Every time rules change, every employee needs to signs that they’ve read the new rules and understand them and agree to comply with them. If at any time you have to go to court against an employee, these signed statements will give you leverage.
Keep an Employee File on Them and Give Them an Annual Review.
An annual review is a good time to review any agreements between you and your employees. This is also a good time to award any bonuses earned.
Don’t Play Favorites.
This is called nepotism. If you treat your related employees different – your other employees will resent you for it. It creates an unhealthy work environment that will cause you bigger problems down the road.

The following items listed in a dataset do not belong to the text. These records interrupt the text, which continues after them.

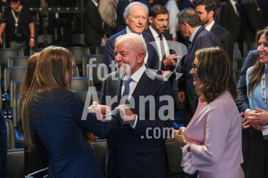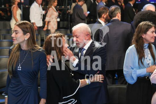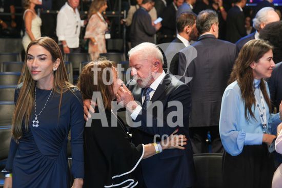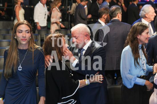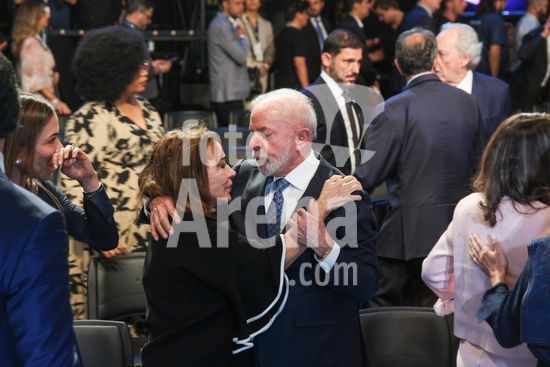 2858413 O SBT reuniu, nesta sexta-feira (12), autoridades, empresários e personalidades em um evento que marca o início das operações do SBT News, o novo canal de notícias do grupo. A celebração aconteceu nos estúdios da TV, na Anhanguera, em Osasco, com presença do presidente Lula do Governador de São Paulo Tarcisio de Freitas e do Prefeito Ricardo Nunes.Na foto o presidente Lula troca carinhos com a esposa de Silvio Santos Iris Abravanel.
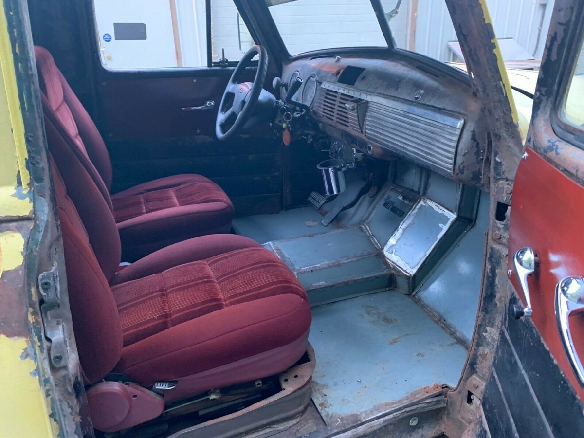 The 16″ wheels look great and really make the truck look like a pro touring vehicle. The LED headlights are a nice upgrade and the glass looks good all the way around. The exterior paint is yellow in most places but the seller probably put some effort into the patina look. The bed is wood and the frame is said to be structurally solid.
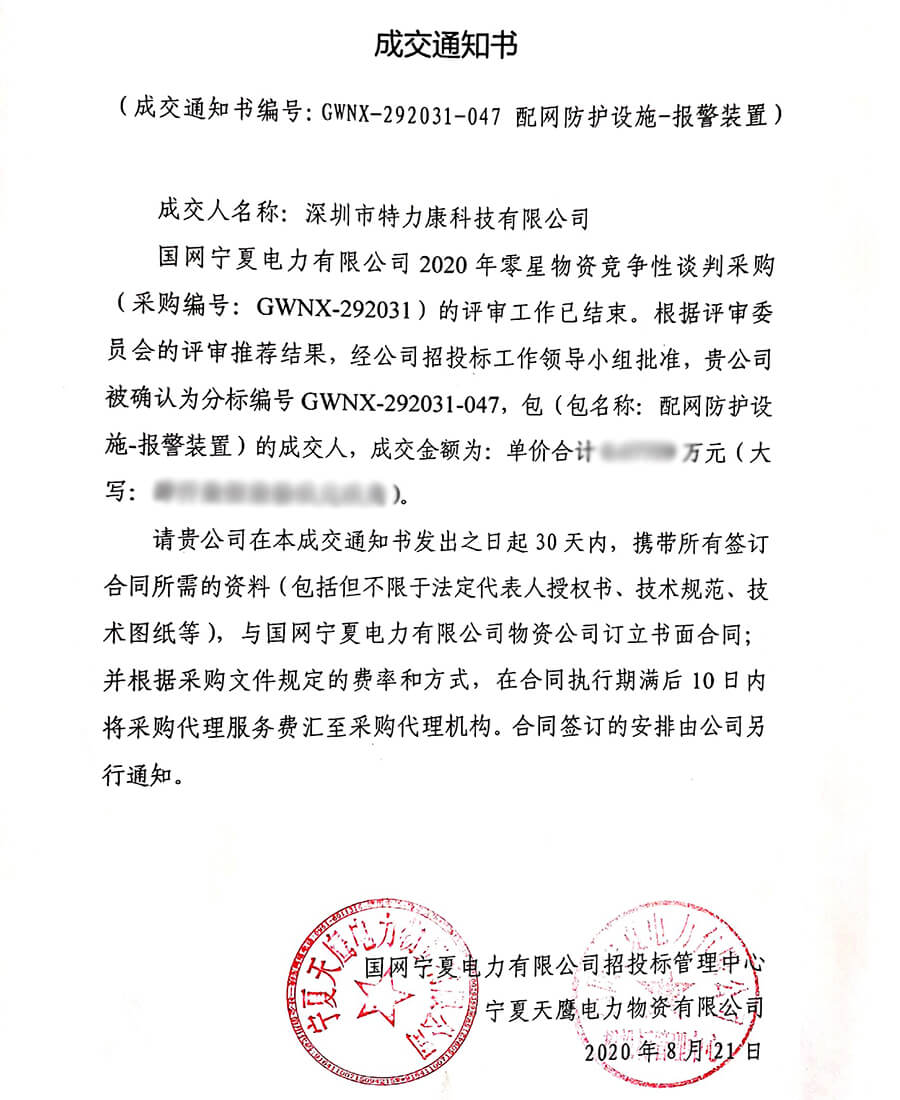 特力康中標(biāo)國(guó)網(wǎng)黑龍江送變電工程公司的2024年度第18次物資類競(jìng)爭(zhēng)性談判采購(gòu)項(xiàng)目——慶陽(yáng)驅(qū)鳥器物資框 特力康中標(biāo)國(guó)網(wǎng)甘肅省電力公司省管產(chǎn)業(yè)單位2024年第五次物資競(jìng)爭(zhēng)性談判授權(quán)采購(gòu)項(xiàng)目 中標(biāo)喜訊:深圳市特力康科技有限公司成功入圍許繼集團(tuán)綜合能源公司輸電線路視頻在線監(jiān)測(cè)裝置模塊集采項(xiàng)目 中標(biāo)喜訊:特力康成功中標(biāo)國(guó)網(wǎng)重慶市電力公司渝中一片區(qū)項(xiàng)目 特力康成功中標(biāo)國(guó)網(wǎng)天津市電力公司2024年第二次?物?資招標(biāo)項(xiàng)目 特力康中標(biāo)國(guó)網(wǎng)安徽省電力有限公司蕪湖供電公司2024年3月非物質(zhì)采購(gòu)項(xiàng)目 浙江電力裝上“氣象哨兵”:特力康裝置守護(hù)電網(wǎng)應(yīng)對(duì)臺(tái)風(fēng)暴雨 蜀道巡線不用“爬”:特力康視頻在線監(jiān)測(cè)裝置守護(hù)四川輸電鐵塔 風(fēng)雪中的 “防冰哨兵”:內(nèi)蒙古電力用特力康監(jiān)測(cè)系統(tǒng)筑牢覆冰防線 雙軸感知護(hù)塔穩(wěn):山西電力用特力康裝置破解采空區(qū)傾斜難題 江西電力裝上 “智能防鳥衛(wèi)士”—— 特力康綜合激光驅(qū)鳥器破解湖區(qū)變電站鳥害難題 破解巡檢難題:貴州電力用特力康 AI 微拍裝置,精準(zhǔn)捕捉線路隱性隱患 精準(zhǔn)捕捉 “微氣象”:浙江電力用特力康預(yù)警系統(tǒng)筑牢電網(wǎng)氣候防線 守護(hù) “電力咽喉”:湖南電力投用百套特力康三跨 4G 監(jiān)控球,筑牢安全防線 貴州電力裝特力康電網(wǎng)架空線路覆冰監(jiān)測(cè)系統(tǒng),精準(zhǔn)防冰保電網(wǎng)過冬? 寧夏配電線路安裝了我司防外破電子化智能警示牌
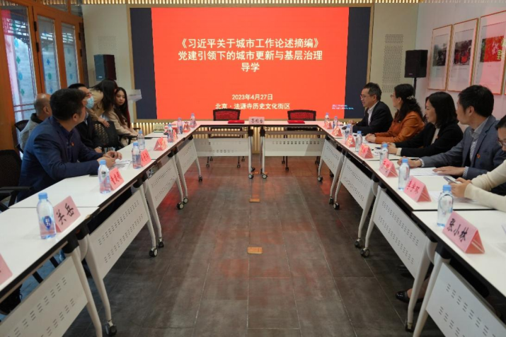 4月27日下午,437bwin必赢国际专题读书班成员、党委理论学习中心组(扩大)一行走访北京宣房大德置业投资有限公司(以下简称“宣房大德”)。围绕“党建引领下的城市更新与基层治理”主题,开展学习贯彻习近平新时代中国特色社会主义思想主题教育联学联建。联学中,宣房大德规划前期部副经理陈庆红女士详细汇报了党建引领法源寺历史文化街区城市更新项目的成功案例,宣房大德充分履行国企社会责任,展现国企责任担当,围绕服务首都“四个中心”建设,以改善民生福祉、保护历史文化、完善街区功能、提升街区活力为核心目标,坚持党建引领、坚持联建联动、坚持为民服务、坚持机制创新,实现了法源寺历史文化街区的健康发展。学院MPA教育中心副主任、城市管理系温锋华副教授作《习近平关于城市工作论述摘编》领学导读。他谈到,习近平总书记关于城市工作的重要论述,立意高远,内涵丰富,思想深刻,明确了城市发展的价值观和方法论,深刻揭示了中国特色社会主义城市发展规律,深刻回答了城市建设发展依靠谁、为了谁的根本问题,以及建设什么样的城市、怎样建设城市的重大命题,为新时代做好城市工作指明了前进方向、提供了根本遵循,深入系统学习《习近平关于城市工作论述摘编》,对我们更好的理解新时代我国城市工作的方向,结合我院实际扎实开展城市更新、城市治理等领域研究具有重要意义。随后,与会人员围绕研学主题开展了深入研讨。姜玲院长发言指出,城市更新不仅是城市开发建设方式的转变,也是城市治理特别是基层治理的进一步深化,是形成有中国特色的基层治理体系的重要部分。于鹏书记发言指出,深化党建引领基层治理,聚焦城市更新重点工作,是全面贯彻落实党的二十大精神和习近平总书记关于城市工作重要论述的生动实践。加强基层党的建设、巩固党的执政基础是贯穿城市更新与基层治理、基层建设的一条红线,要充分发挥基层党组织的领导核心作用,夯实基层社会治理根基,全力打造共建共治共享的基层治理新格局。与会人员先后参观了法源寺历史文化街区红色会客厅、街区智慧停车场、人才公寓共生院落等项目,开展了生动的实地研学。
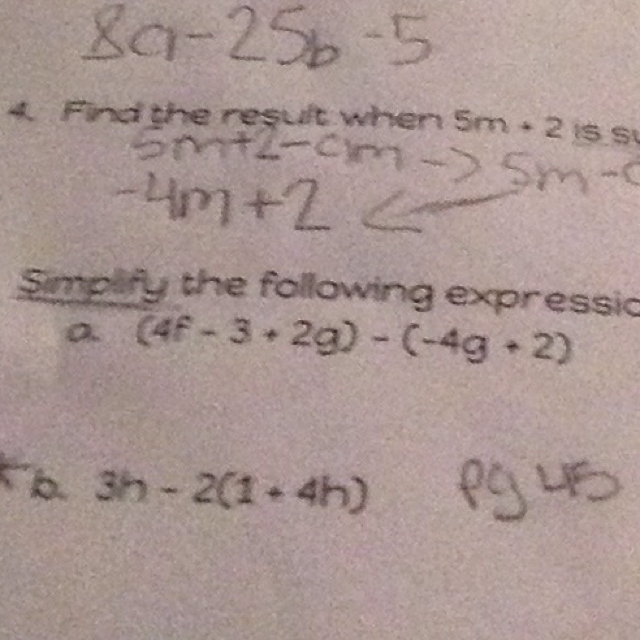 (4f-3+2g)-(-4g+3). 4f-3+2g+4g-2. Answer is 4f-5+6g
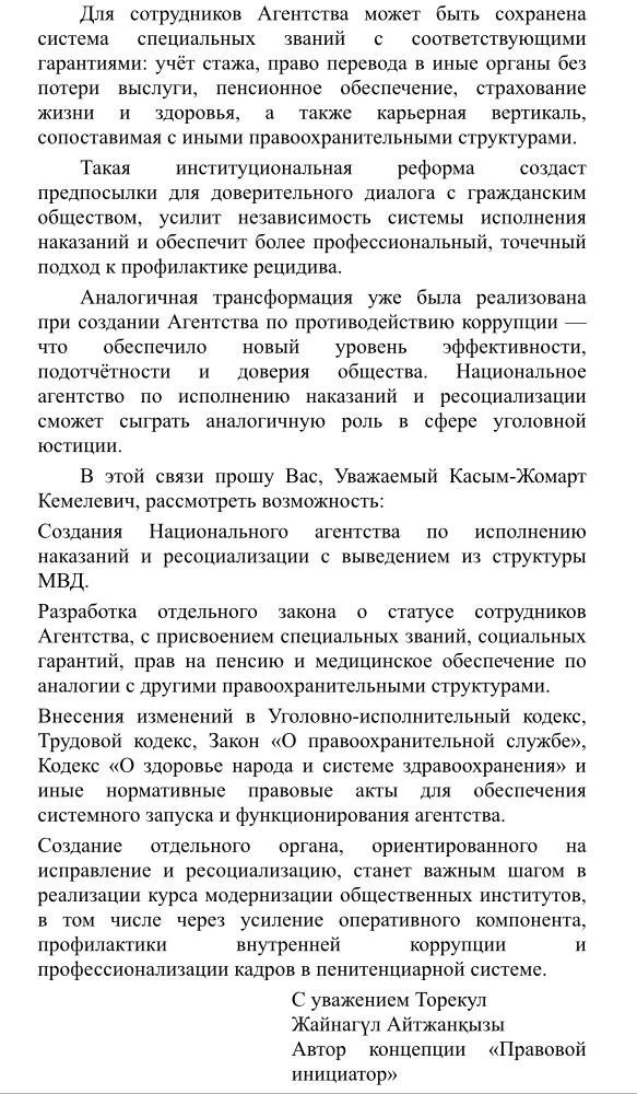 — Меніңше, жаңа агенттік қызметкерлерінің мәртебесі туралы жеке заң қабылдап, Қылмыстық-атқару кодексіне, «Құқық қорғау қызметі туралы» заңға, «Халық денсаулығы және денсаулық сақтау жүйесі туралы» кодекске және Еңбек кодексіне өзгерістер енгізу керек. Бұл соған тұрарлық іс!
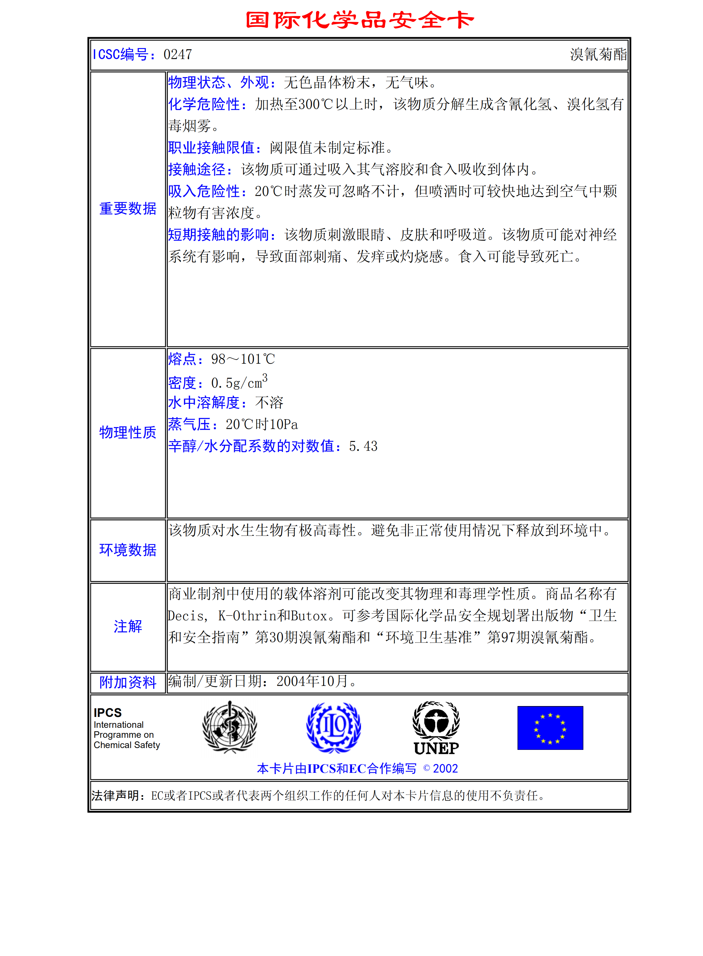 氯氰菊酯MSDS

Give your hired friends and family the same work schedules and benefits you offer your other employees. (Health insurance, bonuses, vacation pay etc.)
Pay for the Same Risk Coverage as Other Employees.
Because you hire friends and family doesn’t mean you can skimp on benefits or risk coverage. (Bonding, Insurance, Workers Compensation etc.) Family members can get hurt on the job or break something just like anyone else. You need to protect yourself, and your company by taking the same precautions you would with any other employee.
Have Established Disciplinary Rules in Place.
If your child is late for work, and your other employees get written up for this, you have to write up your child.
By following the “rules” everybody wins. It might be uncomfortable at first to set new ground rules. But in the end, your friends and family will appreciate the stability you provide with the professional boundaries. And if anything ever goes awry – you’ll have legal grounds to fire your Mom just like you would any other employee.